When you do an exact copy of something and change absolutely nothing but the name, how is that not stealing?.This is not a variation on the theme of graph-based comic.It's straight up plagiarism

subreddit: xkcd | reddit score: 16

Agreed.Nerd rage can be quite powerful.Almost had to put my velociraptor t-shirt on for emphasis

subreddit: gaming | reddit score: 19

Shhh, shhh, quiet for a second.Listen.You hear that? That very faint noise? That was the sound of a joke flying over your head

subreddit: science | reddit score: 14

But I still do not understand how do the GPS satellites know their location! They do not triangulate themselves with respect to quasars, do they?.Any GPS engineer to rescue? Thanks!

subreddit: science | reddit score: 19

according to the comments on youtube: Water is diamagnetic and frogs are mostly water.Diamagnetic compounds have a weak repulsive reaction to magnetic fields that is overpowered by the presence of paramagnetic or ferromagnetic fields.Look if up, if you doubt me.So therefore, imagine all the water in you being pushed up while the rest of you still has gravity pulling it down.

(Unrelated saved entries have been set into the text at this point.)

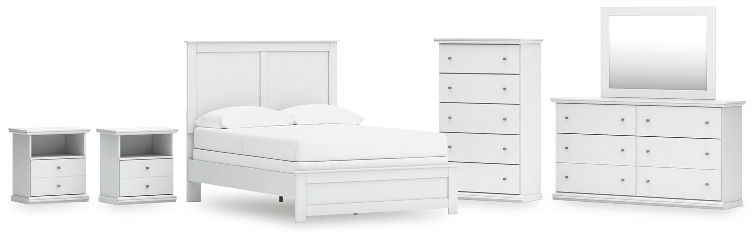 Bostwick Shoals Full Panel Bed, Dresser, Mirror, Chest, and 2 Nightstands - Full Panel Bed, Dresser, Mirror, Chest, and 2 Nightstands / White is backordered and will ship as soon as it is back in stock.
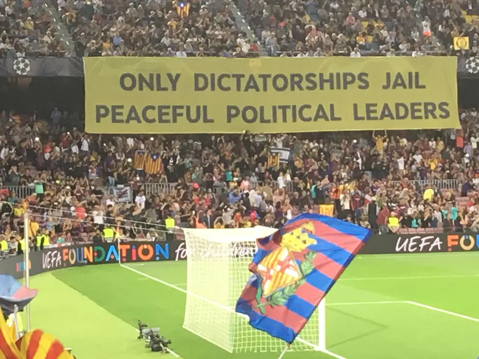 Ce vor să spună fanii Barcelonei cu bannerul afișat în startul meciului: ”Doar dictaturile întemnițează liderii politici pașnici”
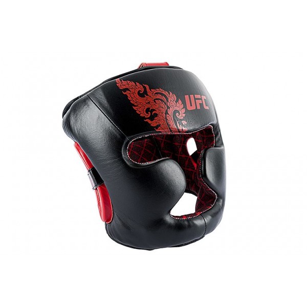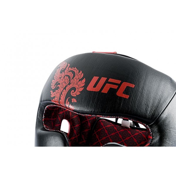 Боксерский шлем UFC Premium True Thai качественно сшит американским брендом из премиальной натуральной кожи. Изделие имеет надежную защиту головы спортсмена. Поставляется с удобной сумкой.

Okay, the last two comments left the classfier clueless, and me too.

Conclusion

We trained a Neural network on IMDB movie reviews and tested it on text from different domain. Apart from domain, the input size was to different too. The network was trained to classify review of 500 letters as postive or negative whereas in our testing we used it on sentence level classification. We saw that it did not perform well on reddit comments. It also performed poorly on sarcastic comments, perhaps the reviews weren't sarcastic enough. More than often, the predictions were between 0.4 and 0.5 which indicate that network was not very certain about the sentiment.

My goal with these experiments was to find out how far we can go with the IMDB model. Not very far, it seems to work on sentences such as "I like simple things in life" but fails to classify "These candies are delicious" correctly. It will be interesting to train a classifier on tweets and compare its performance with the IMDB model. And yes I do agree with what you are thinking, we could improve the classifier by generating domain specific training data.

The question then is, whether we can use transfer learning in NLP tasks similar to computer vision, where we train a base model on imagenet and fine tune on task specific datasets. What would be the imagenet equivalent for NLP ? This is an active area of research and new papers such as Deep contextualized word representations show us one of the ways forward.